Memory kills this code

This code is giving accurate plot but needs too much memory and is slow. I have been working since few months to get 3D volume plot of this Astrophysical data linked here. You can download this data by clicking on Download icon and needs no sign in. This parallel code is working fine but it consumes too much RAM memory and process gets killed.

julia> @time fig = plothdf_volume_parallel(“sane00.prim.01800.athdf”; samples_per_axis = 20, grid_res = 100)
Processing 872 blocks with 14 threads…
Killed julia -t auto

This data contains many mesh blocks( 872). My 32GB ram gets filled before processing about 60 mesh blocks in this @threads for b in 1:num_blocks iteration. You can replace this with @threads for b in 5 on 28th code line to get working plot. # place number of any mesh block you like to plot.
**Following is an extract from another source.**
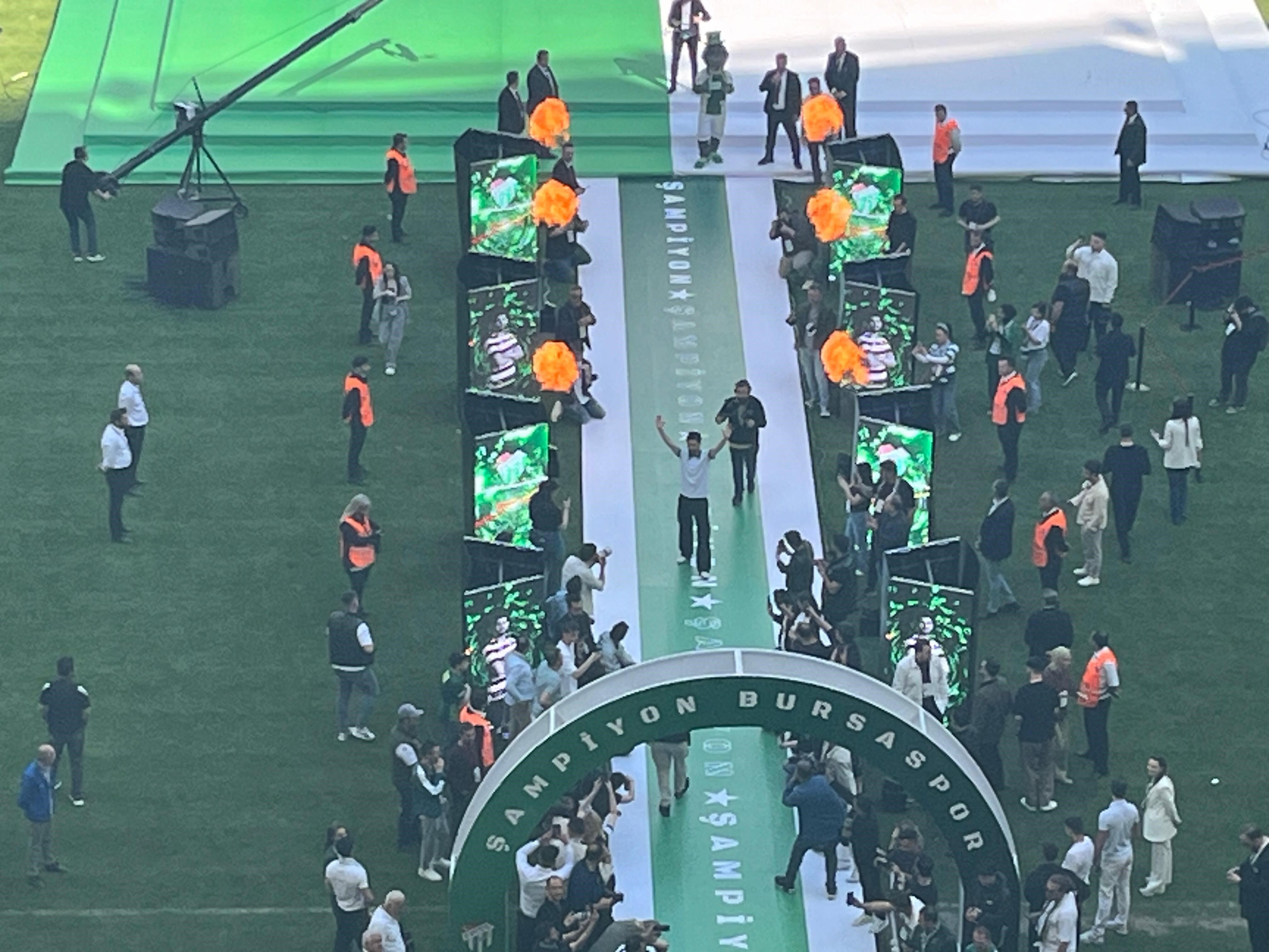 Bursaspor Başkanı Enes Çelik, kupa seremonisinde takımın amigosu Selim Kurtulan’ı sahneye davet etti. Taraftarların tezahüratları eşliğinde Kurtulan da törene katıldı. Türkiye Futbol Federasyonu Başkanı İbrahim Hacıosmanoğlu da törende yer alarak yeşil-beyazlı takımı tebrik etti.

  • What should i do to reduce memory usage and also improve performance? I want to make it run fast as much possible. I have to get many such plots.
using GLMakie, Random, Interpolations
using HDF5, Meshes, CoordRefSystems, Unitful, Statistics
using Base.Threads

function plothdf_volume_parallel(h5file::String; samples_per_axis::Int = 6, grid_res::Int = 100)
    # --- Load HDF5 data ---
    h5 = h5open(h5file, "r")
    num_blocks::Int32 = read(HDF5.attributes(h5), "NumMeshBlocks")
    MeshBlockSize::Vector{Int32} = read(HDF5.attributes(h5), "MeshBlockSize")
    B = read(h5["B"])
    Br, Bθ, Bϕ = @views B[:,:,:,:,1], B[:,:,:,:,2], B[:,:,:,:,3]
    Bp = @. hypot(Br, Bθ) / Bϕ
    x_all::Array{Float32, 2} = read(h5["x1f"])
    y_all::Array{Float32, 2} = read(h5["x2f"])
    z_all::Array{Float32, 2} = read(h5["x3f"])
    close(h5)

    # --- Visualization setup ---
    fig = Figure(size = (1000, 800))
    ax = Axis3(fig[1, 1], title = "Interpolated Volume", aspect = :data, viewmode = :free)
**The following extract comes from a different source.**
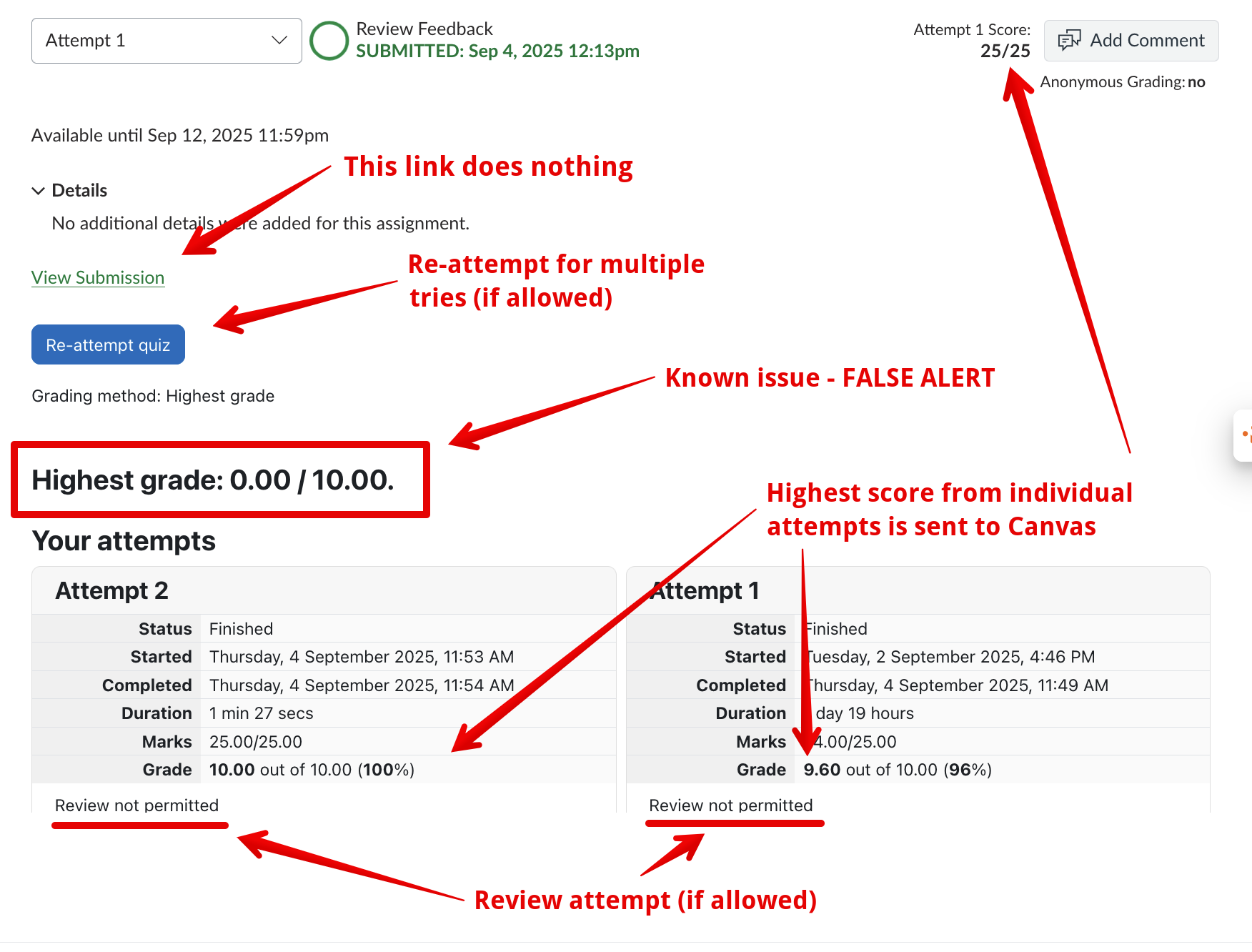 For most homework assignments, when you re-access the STACK quiz after submitting, you will see your assessment score(s), the option to re-try the quiz (if allowed), review the attempts (if allowed), and the score posted to Canvas:

    println("Processing $num_blocks blocks with $(nthreads()) threads...")

    # --- Thread-local accumulators (stored in a Dict) ---
    accumulators = Dict{Int, NamedTuple{(:X, :Y, :Z, :C), NTuple{4, Vector{Float32}}}}()

    # --- Parallel over mesh blocks ---
    @threads for b in 1:num_blocks
        tid = threadid()
        acc = get!(accumulators, tid) do
            (X = Float32[], Y = Float32[], Z = Float32[], C = Float32[])
        end

        @views Bp_block = Bp[:, :, :, b]
        r = x_all[:, b]
        θ = y_all[:, b]
        ϕ = z_all[:, b]
        g = RectilinearGrid{𝔼, typeof(Spherical(0,0,0))}((r, θ, ϕ))
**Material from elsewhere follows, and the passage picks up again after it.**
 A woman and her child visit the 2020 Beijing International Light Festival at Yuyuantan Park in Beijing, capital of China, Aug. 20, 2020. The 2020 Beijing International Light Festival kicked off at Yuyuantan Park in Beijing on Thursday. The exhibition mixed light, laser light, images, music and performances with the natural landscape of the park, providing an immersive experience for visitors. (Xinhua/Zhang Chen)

        for i in 1:nelements(g)
            el = element(g, i)

            # ---- Corner values ----
            clr = Vector{Float32}(undef, 8)
            bd = Boundary{3,0}(topology(g))(i)
            for (ii, id) in enumerate(bd)
                adels = Coboundary{0,3}(topology(g))(id)
                s = 0.0f0
                for idx in adels
                    inds = elem2cart(topology(g), idx)
                    s += Bp_block[inds...]
                end
                clr[ii] = s / length(adels)
            end

            # ---- Vertex coordinates ----
            verts = [Float64.(ustrip.((c.r, c.θ, c.ϕ))) for c in coords.(vertices(el))]
            rgrid = LinRange(extrema(getindex.(verts, 1))..., 2)
            θgrid = LinRange(extrema(getindex.(verts, 2))..., 2)
            ϕgrid = LinRange(extrema(getindex.(verts, 3))..., 2)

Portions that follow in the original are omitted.